Wine tasting: Junk Science

I judge a red wine to be good or not based on the following two criteria.

If it has a sharp, sour sting it is probably a young and cheap wine and I won't like it.
If it is smooth (no acidic tang) and has a variety of flavours at various levels, I like it more.

That's it.
 
Last edited by a moderator:
Having been a member of a wine club for 40+ years, I agree with some of his findings. However, our panel of 18 tasters generally agrees on what is a good wine and what is plonk

Most of us, surprisingly, dislike whisky whereas there is also a large following of people who can discern the delicate flavours of different whiskies.

To get back to wine, there are more and more reasonably prices excellent wines available today than ever before. Ultra have their "Secret Cellar" range and Checkers have "Wines of the world". Bargains in both stores
 
Well I'm a coke connoisseur for sure.
Zero & light = plonk
 
Strange that the article excludes the wine guilds (and its masters). I guess the experts in mention did not do the examination (or in part guild members).
 
I judge a red wine to be good or not based on the following two criteria.

If it has a sharp, sour sting it is probably a young and cheap wine and I won't like it.
If it is smooth (no tang) and has a variety of flavours at various levels, I like it more.

That's it.

I judge a wine to be good or not based on the following two criteria.

If it tastes completely crap and is completely unpalatable I won't like it.
If it tastes unpleasant but drinkable I still won't like it.
"If it is smooth (no tang) and has a variety of flavours at various levels" then hell has officially frozen over. :p

*puts on flamesuit*
 
plenty wrong

Tastes ok and if it was decanted into a bottle with a R150 label and offered to the "experts" it could easily score 10/10.

Reminds me of a steak house (I think) in Strand Street about 15 years ago which was decanting happy box into upmarket bottles and selling it that way. None of the customers had the faintest idea until an ex-employee with a grudge spilled the beans.
 
Tastes ok and if it was decanted into a bottle with a R150 label and offered to the "experts" it could easily score 10/10.

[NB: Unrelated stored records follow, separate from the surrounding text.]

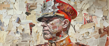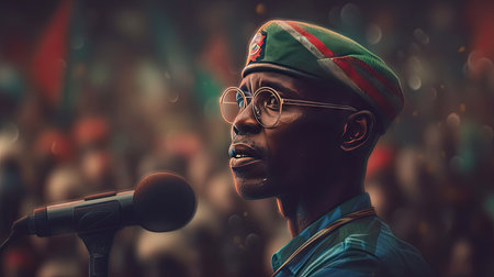 Powerful leader in outfit commanding a totalitarian group. Concept Totalitarian regime, Military leader
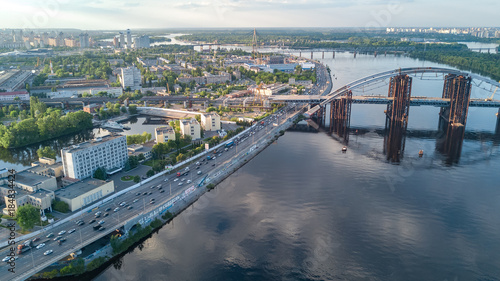 © Iuliia Sokolovska, Fototapeta premium Aerial top view of Dnepr river and Rybalskiy island from above, bridges and skyline of Kiev city, Ukraine
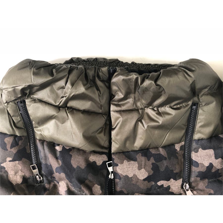 前身頃とフード部分がカモフラージュ柄の切り返しとなっています。
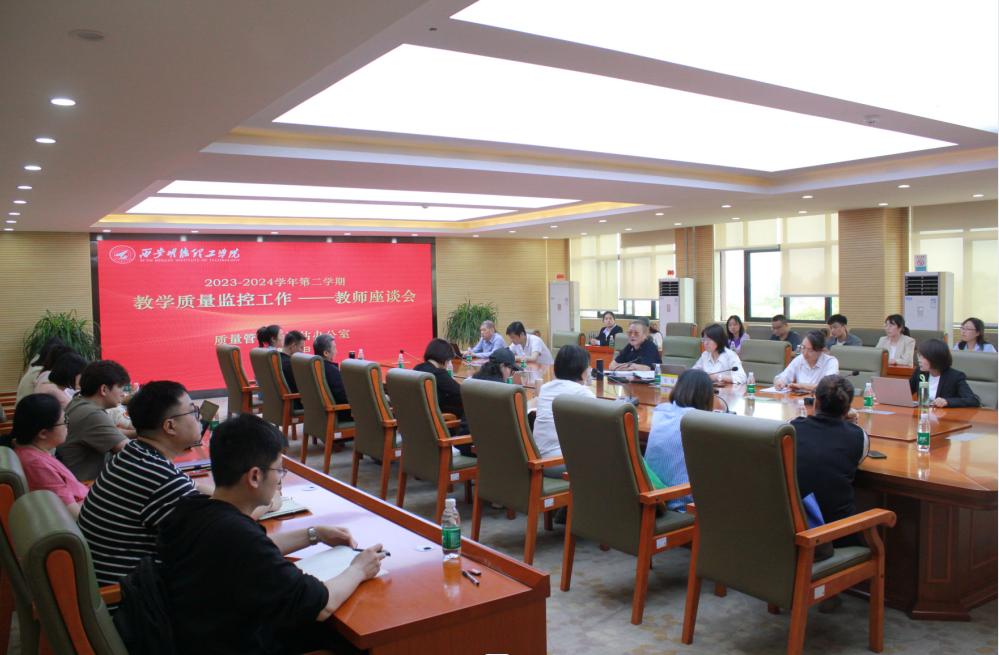 为落实“全员参与、全过程监控、全方位评价”的质量监控,通过座谈调研,凝聚共识,促进改进,质量管理与评估办公室于2024年5月8日在明志楼518会议室组织召开2023-2024学年第二学期“教学质量监控工作”教师座谈会。会议由质评办李海峰教授主持,各二级学院教师代表、质评办相关人员30余人参会。

Reminds me of a steak house (I think) in Strand Street about 15 years ago which was decanting happy box into upmarket bottles and selling it that way. None of the customers had the faintest idea until an ex-employee with a grudge spilled the beans.

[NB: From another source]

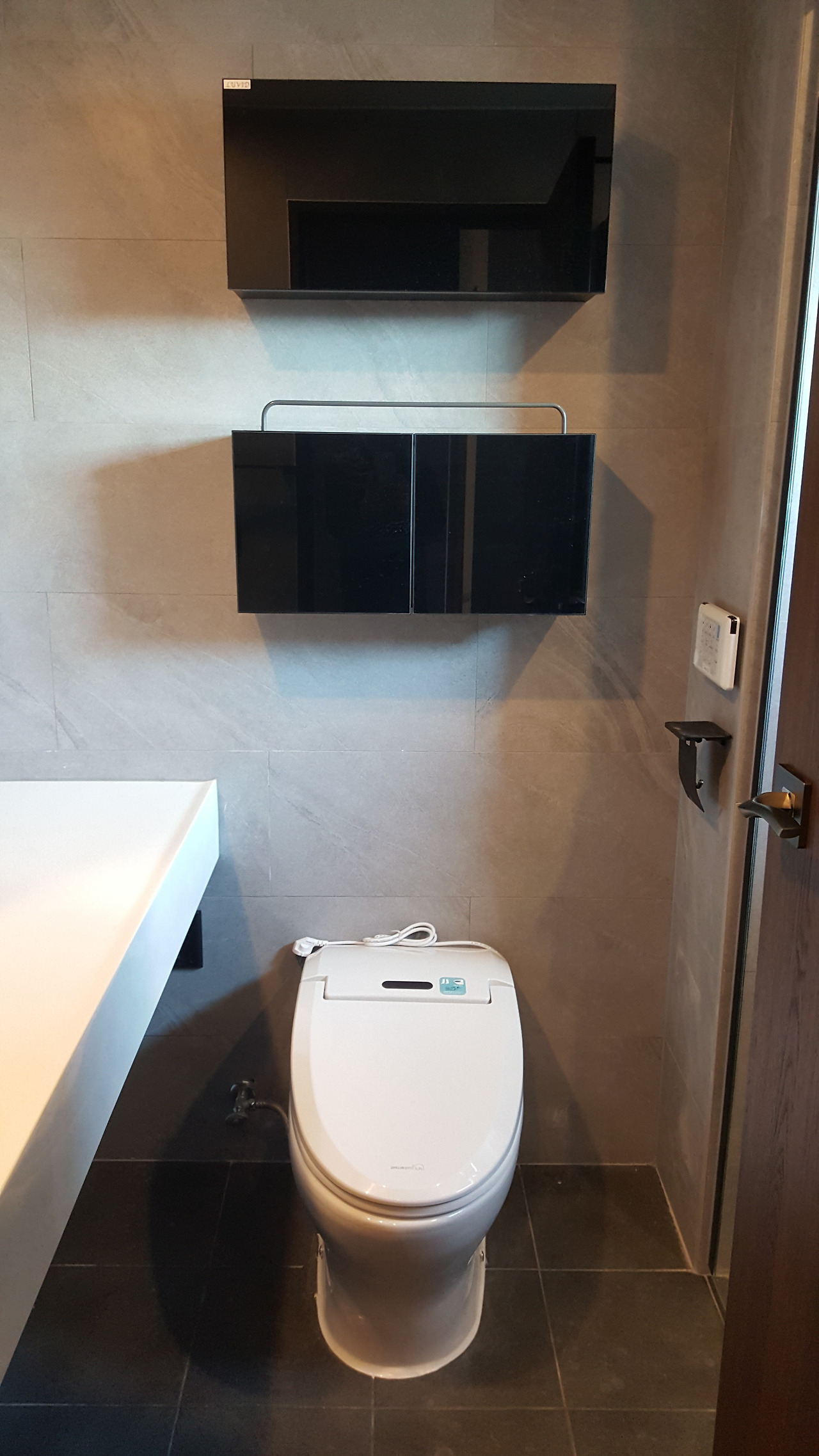 다른 2개의 욕실이 White 한 느낌인데 반해 Gray 칼라로 마감재를 적용하였다.

House wine by the glass maybe or are you suggesting they resealed bottles?
 
House wine by the glass maybe or are you suggesting they resealed bottles?

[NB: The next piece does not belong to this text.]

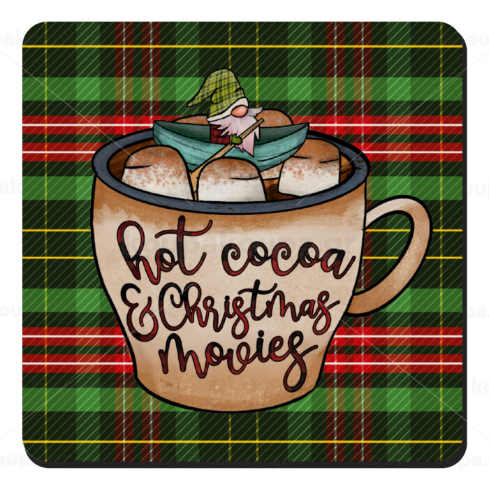Hot Cocoa And Christmas Movies, Τετράγωνο μαγνητάκι ξύλινο 9x9cm
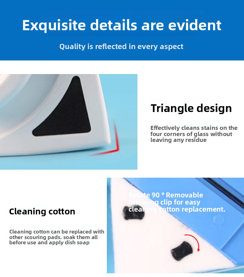 Strong Magnetic Design: Powerful magnets ensure efficient cleaning of double-pane windows.

I can't remember the exact details but it was in the public eye for a few days and possibly even sold a few extra papers but, like all other scandals, it went away when something more juicy came along.
 
I think anyone who has tried any blind tasting knows how true this is.

I've only really been accurate with identifying the region, varietal, oaking and vintage of one once or twice. As much as we try not to be influenced by the label, who isn't going to look at a Sadie Columella and give it 90%.

That having been said, I still enjoy wine tasting, and enjoy buying fine wine. I definitely am influenced by a number of factors (other than taste, colour, nose) when I enjoy a wine, including the company I'm with, the weather, the food I'm eating (if any), how many wines I've tasted before, my pyschology (how I'm feeling) and whether or not I've been to the wine estate before.

Definitely not an accurate science, but a lot of fun, nevertheless, and generally I think that consensus between wine taster will distinguish identify the best wines.